– Ну? – подстегнул Баллас. – Говори же.
– Я консультировался вот с этим, – сказал Рендейж, указывая на книгу в кожаном переплете, лежащую на столе. – Это каталог магических предметов, о которых я как священник обязан знать. Здесь описаны артефакты разных культур – восточных и западных, исчезнувших и сохранившихся. – Он помедлил. – Ты говорил о диске…
– Да.
– Опиши его. Баллас пожал плечами.
– Ну, он был примерно вот такой. – Баллас ладонями обозначил размер диска. – На краях – четыре рубина. И голубой камень посередине. Этот камень и привлек мое внимание. Он казался драгоценным и дорогим…

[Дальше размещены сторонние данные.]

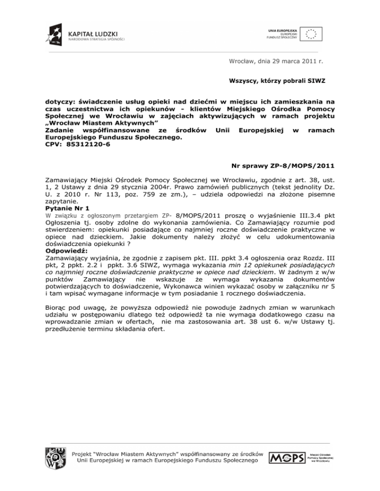 Wrocław, dnia 29 marca 2011 r. Wszyscy, którzy pobrali SIWZ dotyczy: świadczenie usług opieki nad dziećmi w miejscu ich zamieszkania na czas uczestnictwa ich opiekunów - klientów Miejskiego Ośrodka Pomocy Społecznej we Wrocławiu w zajęciach aktywizujących w ramach projektu „Wrocław Miastem Aktywnych” Zadanie współfinansowane ze środków Unii Europejskiej w ramach Europejskiego Funduszu Społecznego. CPV: 85312120-6 Nr sprawy ZP-8/MOPS/2011 Zamawiający Miejski Ośrodek Pomocy Społecznej we Wrocławiu, zgodnie z art. 38, ust. 1, 2 Ustawy z dnia 29 stycznia 2004r. Prawo zamówień publicznych (tekst jednolity Dz. U. z 2010 r. Nr 113, poz. 759 ze zm.), – udziela odpowiedzi na złoŜone pisemne zapytanie. Pytanie Nr 1 W związku z ogłoszonym przetargiem ZP- 8/MOPS/2011 proszę o wyjaśnienie III.3.4 pkt Ogłoszenia tj. osoby zdolne do wykonania zamówienia. Co Zamawiający rozumie pod stwierdzeniem: opiekunki posiadające co najmniej roczne doświadczenie praktyczne w opiece nad dzieckiem. Jakie dokumenty naleŜy złoŜyć w celu udokumentowania doświadczenia opiekunki ? Odpowiedź: Zamawiający wyjaśnia, Ŝe zgodnie z zapisem pkt. III. ppkt 3.4 ogłoszenia oraz Rozdz. III pkt, 2 ppkt. 2.2 i ppkt. 3.6 SIWZ, wymaga wykazania min 12 opiekunek posiadających co najmniej roczne doświadczenie praktyczne w opiece nad dzieckiem. W Ŝadnym z w/w punktów Zamawiający nie wskazuje Ŝe wymaga wykazania dokumentów potwierdzających to doświadczenie, Wykonawca winien wykazać osoby w załączniku nr 5 i tam wpisać wymagane informacje w tym posiadanie 1 rocznego doświadczenia. Biorąc pod uwagę, Ŝe powyŜsza odpowiedź nie powoduje Ŝadnych zmian w warunkach udziału w postępowaniu dlatego teŜ odpowiedź ta nie wymaga dodatkowego czasu na wprowadzanie zmian w ofertach, nie ma zastosowania art. 38 ust 6. w/w Ustawy tj. przedłuŜenie terminu składania ofert.
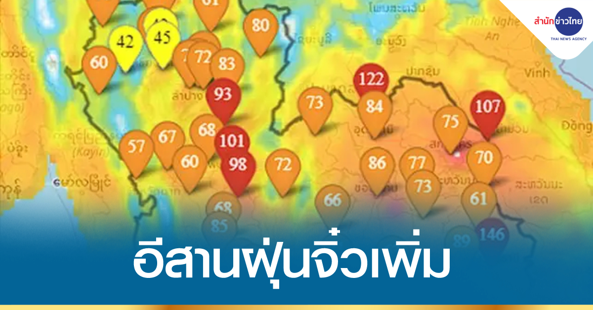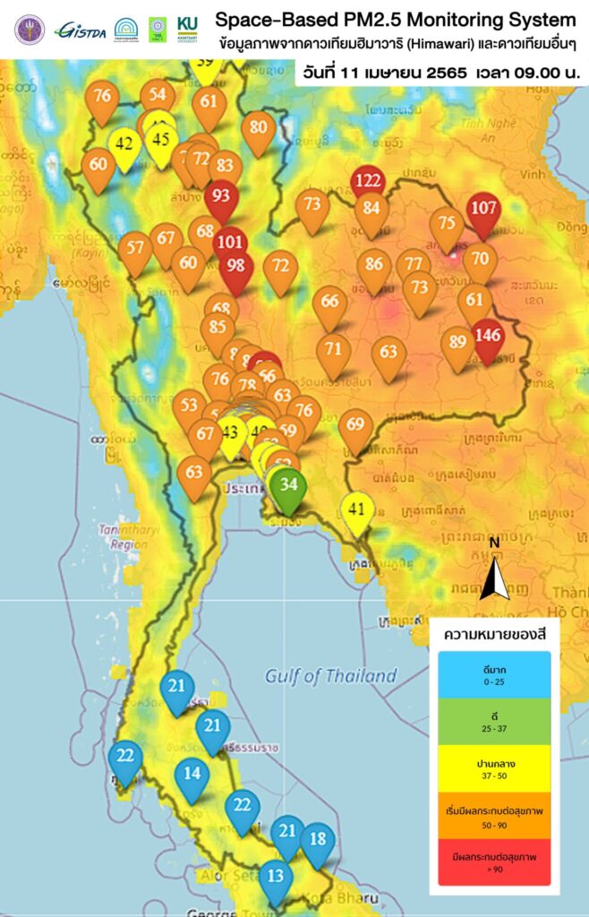 สำนักงานพัฒนาเทคโนโลยีอวกาศและภูมิสารสนเทศ (องค์การมหาชน) หรือ GISTDA ระบุว่า ข้อมูลจากดาวเทียมฮิมาวาริ (Himawari) บ่งชี้ว่า ค่าเฉลี่ยปริมาณฝุ่นละอองขนาดเล็ก PM 2.5 ช่วงเช้าวันนี้ (12 เม.ย.) หลายพื้นที่ลดลง แต่ในภาคตะวันออกเฉียงเหนือยังอยู่ในระดับเริ่มมีผลกระทบต่อสุขภาพ (พื้นที่สีส้ม) ถึงระดับมีผลกระทบต่อสุขภาพ (พื้นที่สีแดง) โดยเฉพาะจังหวัดหนองคาย อุบลราชธานี และนครพนม
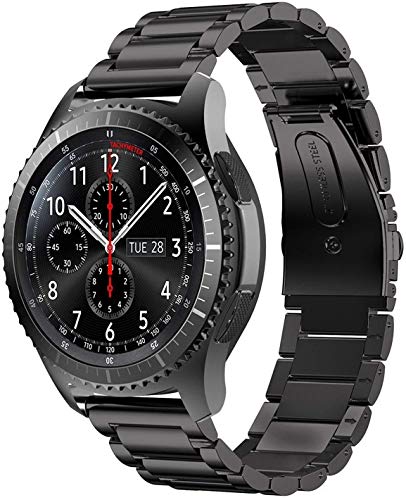 Generic - سوار معدني من الفولاذ المقاوم للصدأ لساعة جالاكسي جير سبورت/جير S2 كلاسيك، سريع الفك (أسود)
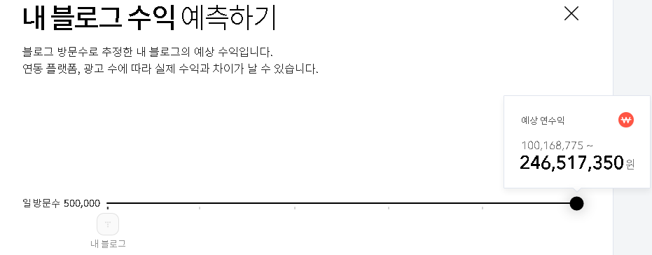 최대치로 해보니 일 방문자50만명이면 예상 연수익이 1억~2억4천만원이다

Рендейж втянул в себя воздух.
– Эти рубины были вовсе не рубинами. А голубой камень… – Он побарабанил пальцами по столу. – Ты что-нибудь знаешь о магии? О магии лективинов?
– Если не считать того, что я видел у Дуба, – нет.
– Лективины были искусными магами. Они преуспели в запрещенном искусстве гораздо больше, чем люди. В частности, они умели общаться с мертвыми. Во время Красной войны они широко этим пользовались. Солдат, убитый, скажем, в Меканарде, мог рассказать своим генералам, находящимся во многих милях от него, как развивается битва. Это давало им неимоверные тактические и стратегические преимущества. Очень часто ради передачи подобных сведений лективинские солдаты кончали с собой… Мы посылали гонцов и голубей. Лективины же получали сообщения гораздо быстрее…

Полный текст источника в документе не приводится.